Capital city
Bishkek is situated in the Chui Valley in the north of the country, between the Talas Valley in the west and the eastern Issyk-Kul region. It was founded in 1878 and originally was called Pishpek, which is the name of the wooden paddle with which the Kyrgyz make their kymyz (kumiss – fermented mare’s milk), the national drink. Later, during the Soviet Union period, it was named Frunze after the famous Russian General Mikhail Frunze. At the time of Independence in 1991, it was renamed Bishkek.
The city has been influenced by the Russians from the beginning, and more or less built by them. Most of the buildings you see today are built in a typically Soviet architectural style, and the trees in the parks, boulevards, and alleys are watered by a system of canals built by Russians. Those boulevards and parks make this a pleasant city to live in, as they provide total shade in summer, when temperatures may reach 40 degrees Celsius (105 F), and the open canal system also helps to keep the summer bearable. Bishkek is known to be one of the greenest cities in Central Asia due to this planning.
Bishkek cannot claim to be one of the world’s major cities, like London, Paris, or New York. It is, however, the capital city of Kyrgyzstan and does have several important and interesting buildings, monuments, parks, museums, galleries, theatres, and other places worth seeing or visiting. This is not meant to be an exhaustive guide to the city but simply a brief introduction to its history.

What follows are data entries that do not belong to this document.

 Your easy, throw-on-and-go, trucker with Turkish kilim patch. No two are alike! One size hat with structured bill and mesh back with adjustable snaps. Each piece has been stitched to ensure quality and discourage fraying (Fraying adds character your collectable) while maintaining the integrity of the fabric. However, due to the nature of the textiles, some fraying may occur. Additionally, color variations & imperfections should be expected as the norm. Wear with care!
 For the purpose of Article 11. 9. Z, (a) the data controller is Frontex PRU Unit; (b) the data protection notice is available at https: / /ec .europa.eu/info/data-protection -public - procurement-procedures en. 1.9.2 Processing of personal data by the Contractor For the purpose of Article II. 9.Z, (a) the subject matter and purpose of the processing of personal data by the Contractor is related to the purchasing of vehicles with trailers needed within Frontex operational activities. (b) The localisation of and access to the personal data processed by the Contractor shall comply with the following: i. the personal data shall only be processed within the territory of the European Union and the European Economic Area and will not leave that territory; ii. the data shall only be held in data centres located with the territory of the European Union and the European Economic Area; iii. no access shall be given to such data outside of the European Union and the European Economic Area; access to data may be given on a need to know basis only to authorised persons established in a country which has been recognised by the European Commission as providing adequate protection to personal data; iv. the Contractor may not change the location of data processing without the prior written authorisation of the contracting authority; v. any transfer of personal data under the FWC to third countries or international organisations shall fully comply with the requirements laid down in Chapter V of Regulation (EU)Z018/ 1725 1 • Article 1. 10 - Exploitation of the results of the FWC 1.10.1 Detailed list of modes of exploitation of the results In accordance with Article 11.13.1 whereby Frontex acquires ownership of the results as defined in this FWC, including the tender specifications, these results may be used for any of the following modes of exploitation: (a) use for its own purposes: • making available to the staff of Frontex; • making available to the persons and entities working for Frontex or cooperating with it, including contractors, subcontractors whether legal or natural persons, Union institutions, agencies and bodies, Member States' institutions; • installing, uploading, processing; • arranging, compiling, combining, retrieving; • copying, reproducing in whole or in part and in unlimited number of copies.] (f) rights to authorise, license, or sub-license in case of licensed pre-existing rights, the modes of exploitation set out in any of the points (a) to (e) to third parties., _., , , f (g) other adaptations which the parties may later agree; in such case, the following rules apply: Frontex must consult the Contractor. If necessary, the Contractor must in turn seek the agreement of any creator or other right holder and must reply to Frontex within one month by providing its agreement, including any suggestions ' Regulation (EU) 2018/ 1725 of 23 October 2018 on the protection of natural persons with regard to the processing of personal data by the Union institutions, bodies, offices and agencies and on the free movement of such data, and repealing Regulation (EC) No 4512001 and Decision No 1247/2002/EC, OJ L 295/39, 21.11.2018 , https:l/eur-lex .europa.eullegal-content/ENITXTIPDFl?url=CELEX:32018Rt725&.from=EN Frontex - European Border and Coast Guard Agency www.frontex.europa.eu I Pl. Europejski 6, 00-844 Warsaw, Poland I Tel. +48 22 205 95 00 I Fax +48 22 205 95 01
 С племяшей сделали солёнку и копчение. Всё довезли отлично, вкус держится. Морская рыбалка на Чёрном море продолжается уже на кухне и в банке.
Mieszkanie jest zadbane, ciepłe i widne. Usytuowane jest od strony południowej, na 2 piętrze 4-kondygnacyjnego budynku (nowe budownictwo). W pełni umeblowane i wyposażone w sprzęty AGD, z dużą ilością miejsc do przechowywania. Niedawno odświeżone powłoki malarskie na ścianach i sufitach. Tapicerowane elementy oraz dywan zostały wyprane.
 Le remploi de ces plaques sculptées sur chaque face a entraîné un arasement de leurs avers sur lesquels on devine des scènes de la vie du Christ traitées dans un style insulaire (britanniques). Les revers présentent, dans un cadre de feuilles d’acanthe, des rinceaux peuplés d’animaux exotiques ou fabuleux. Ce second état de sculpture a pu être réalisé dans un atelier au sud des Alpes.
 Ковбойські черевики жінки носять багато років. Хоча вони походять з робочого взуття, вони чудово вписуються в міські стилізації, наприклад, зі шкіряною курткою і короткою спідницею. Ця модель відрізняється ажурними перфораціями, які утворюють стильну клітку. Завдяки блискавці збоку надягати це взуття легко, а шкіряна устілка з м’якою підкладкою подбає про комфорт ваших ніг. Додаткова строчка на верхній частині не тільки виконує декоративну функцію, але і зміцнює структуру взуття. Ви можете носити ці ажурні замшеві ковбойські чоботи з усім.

Like Kyrgyzstan generally, the climate is Continental – which means hot summers and cold winters. The average annual temperature is -1°C. The atmosphere is generally dry with rainfall occurring mostly in Spring. There are an average of 322 days of sunshine per year. Two rivers are flowing through the city – The Alamedin and Ala-Archa – both tributaries of the River Chu. Also, the Grand Chu Canal flows through the city. The city is said to be the greenest in Central Asia with more trees per head of population than any other.

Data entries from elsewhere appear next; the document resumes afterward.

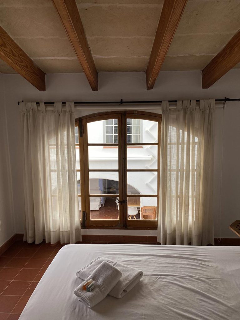 En la planta baja de la construcción principal nos encontramos con una amplia entrada con bóveda de marés, un acogedor comedor cubierto por otra bóveda y una cocina office que da paso a un salón muy luminoso con salida al patio. Este patio dispone de una pequeña piscina y otra construcción en donde nos encontramos con dos habitaciones de invitados y un baño.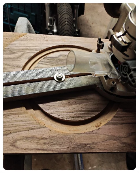 Ich habe festgestellt, dass die MDF-Platte nach dem Furnieren eine Wölbung aufweist, wobei die beklebte Seite eine leichte Konkavität angenommen hat, deshalb sollte man genügend Schraubzwingen zum Verleimen der Gehäuseteile einplanen. Es wäre durchaus möglich, dass ein Furnieren nach Zusammenbau die sinnvollere Methode gewesen wäre. Bevor das Gehäuse verleimt wurde, ging es ans Ausfräsen mittels selbstgebautem Zirkel.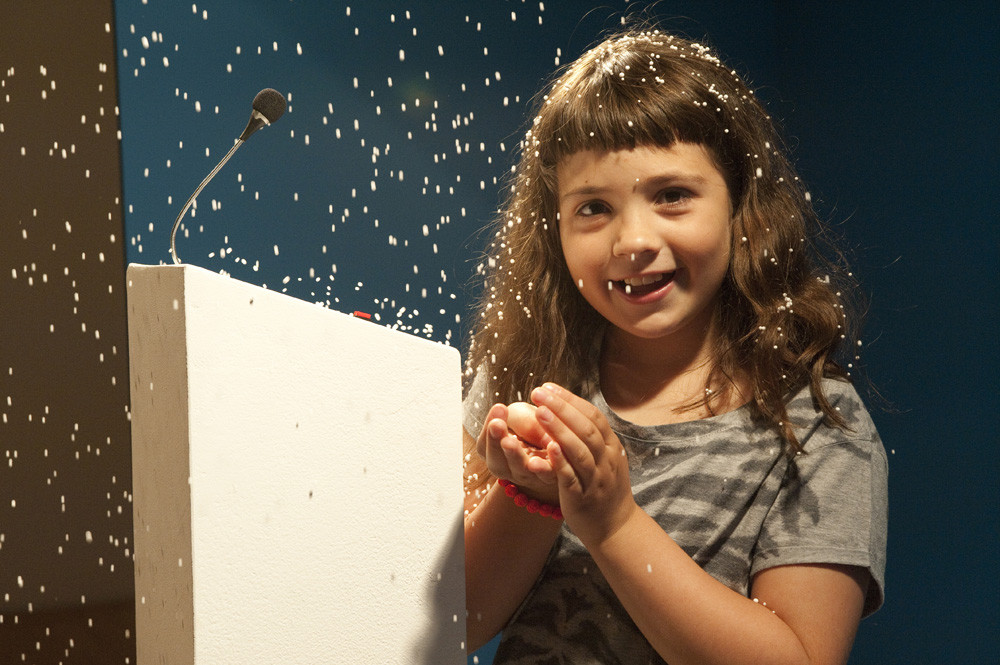 A ker nam je ovinkarjenje v navadi, bo vendarle treba povedati tudi nekaj besed o sami razstavi oziroma še rajši o avtorju. Pravzaprav se bomo govoru o razstavi karseda izognili, saj je razstava čudo-vita v strogem pomenu besede. Razstava pač računa na začudenje in čudenje. Otroci se na njej počutijo kot odrasli in odrasli kot otroci. Kar seveda pomeni, da informacija o posameznem delu na razstavi gledalca oropa za tisto pristno začudenje, ki ga doživijo tudi tisti, ki so že vsega vajeni. Morda najbolj ravno oni. No, vendarle poslušate rubriko Fine umetnosti, ki iz začudenja ustvarja vednost tako, da so »spoilerji« neizogibni. Vadim Fiškin je slovenski umetnik iz Rusije. Sem naj bi prišel na povabilo Živadinova, saj je bil scenograf pri Molitvenem stroju Nordung, ljubezen pa ga je potem tu tudi zadržala. Na prvi pogled se zdi, da se ukvarja z znanostjo; no, morda bi bilo bolj primerno, če bi rekli, da ga tehnični izdelki in metode zanimajo, ga čudijo. Verjetno veliko poslušalcev pozna vsaj eno njegovo delo. Če ste se sprehodili kdaj čez muzejsko ploščad, ste pred MSUM-om verjetno opazili žarnico s fenom. No, to je Fiškinovo delo »Zvezda premičnica«; v ličnem zvežčiču, ki spremlja razstavo pa si imate tudi načrt za izdelavo svoje lastne zvezdice. Razstavni zvežčič že sam napove slog in vsebino razstave, saj posnema dobro znana »navodila za uporabo«, ki ponavadi spremljajo raznorazne tehnične izdelke, kot so pralni stroji ali pa televizorji. Na zadnji strani pa je sledeča deklaracija:

A brief history. Legends of Bishkek
Late Stone Age implements have been found in the Alamedin Valley. Bronze age artifacts have been found within the city boundaries and there is archaeological evidence of early settlement in the area was by: the Saks (also known as Scythians) – an iron age nomadic people herding livestock; the Usans – who combined nomadic herding with settled agriculture; the Turks – arriving from Siberia, they beat the Huns in a battle at Talas and established a Khanate; the Sogd – based in Samarkand and Bukhara, the Sogdians were Indo-European traders and farmers whose cities became centers on the Great Silk Road; the Samanids – a sedentary Muslim people; the Karakhanids (“Black Khans”) who established a capital at Balasugan (Burana – near Tokmok); and the Mongols and Tatars, under Genghis Khan and the Kyrgyz themselves – first mentioned in Chinese chronicles from the 2nd century BC, they arrived from the upper Yenisei River Valley (Russia) in the 10th century, and became firmly established in the region by the 15th century.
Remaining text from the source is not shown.